Throughout much of the 20th century, Hong Kong has undergone massive economic development and urban transformation, from a small trading port before WWII to one of the most successful industrial capitals in Asia in 1970s.   From 1980s on, most of the city’s manufacturing industries have moved to either China or elsewhere in Asia. Today, large numbers of industrial buildings that once housed almost half of Hong Kong’s work force have been given a “second life” and converted into various spaces for light manufacturing, creative industries, storage facilities, or small offices for all kinds of businesses.  JCCAC in Shek Kip Mei is a recent example of adaptive reuse of former industrial building in Kowloon, Hong Kong.

Opened in 2008, Jockey Club Creative Arts Centre (JCCAC) is a “multi-disciplinary arts village and art centre”, providing affordable studios and exhibition facilities for the art and design community.  The centre welcomes the public to visit the shops, studios and café within the complex 7 days a week.  From time to time, JCCAC would host shows and design fairs to further engage the public and the immediate neighborhood.

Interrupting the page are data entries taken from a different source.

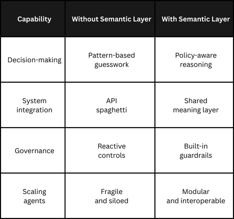 Two procurement agents receive the same purchase request: "Order 500 units of Product X from the approved supplier list." The first agent; operating without semantic grounding; searches by keyword, finds a vendor match, and places the order. The second agent, equipped with a semantic layer, cross-references the product specification against compliance requirements, verifies the supplier's certification status has not expired, and checks whether the quantity aligns with current inventory policy thresholds. Only one makes the right decision.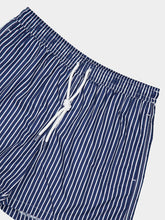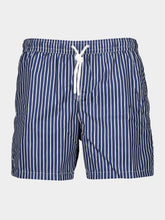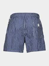 Embrace summer in true Italian style with our Madeira swim trunks, featuring a cadet blue riga pattern. These slightly shorter designer swim trunks are made entirely from select, recycled polyester and dry out in just 90 seconds. They come with an elastic belt and drawstring for a perfect fit and are adorned with a vibrant, summery pattern, making them a stylish and sustainable choice for beachwear.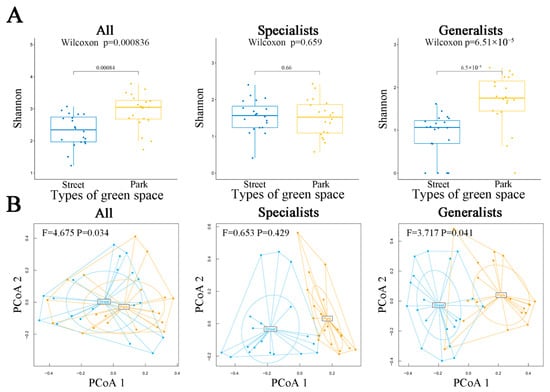 The diversity of all AMF and generalized AMF showed a significant difference between the two types of green spaces (p < 0.05), with park green spaces having a higher Shannon diversity index than street ones. However, specialists exhibited no significant differences in their diversity (Figure 3A). All AMF and generalized AMF also exhibited significantly varying community structure between the two types of green spaces (Figure 3B) (all: F = 4.675, p = 0.034; generalists: F = 3.717, p = 0.041). However, no significant difference was found in the community structure of specialist species (F = 0.653, p = 0.429).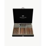 Dette bestikket er laget for å brukes og beundres – et perfekt valg for både hverdagslige måltider og spesielle anledninger. Kontrasten mellom skaft og stål gir et moderne og tidløst preg som passer inn i ethvert hjem.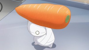 The show's appeal seems to be a very specific and yet surprisingly robust one: “keeping a tiny mummy as a pet would be pretty adorable, wouldn't it?” I didn't go into this show expecting to be sold on its tiny title character Mii-kun, but watching the young Sora's new quasi-pet, quasi-sibling attempt to be useful around the house quickly warmed my heart. This episode is full of enormously, unabashedly cutesy moments like that, where things like simply trying to get a cup of water that Mii-kun won't fall into drive adorable new setpieces. Even Mii-kun's base movements seem designed to evoke an unstoppable “aww,” as he waddles around on little twig legs and curls up in Sora's hoodie and collapses under the mighty weight of exactly one carrot.

I visited JCCAC during its annual handicraft fair. Much of the ground floor atrium was turned into a market fair, while many studios on the upper floors had their handicraft shops open to the public.  The open roof was animated by various activities.  At one corner, a patio was packed with stalls selling vintage clothing, housewares and books.  At the other corner people were lining up for henna art.  On the wall adjacent to the main stair was a photo exhibition with the theme on local community.   A local band brought in live music to create an upbeat atmosphere.  Looking out from the roof parapet, layers upon layers of apartment blocks seemed never ending.   Recent effort by the housing department to upgrade or redevelop the old housing estates in Kowloon was clearly visible from the vivid new paint colours on the apartment facades, planters with local flora, and new green roof design.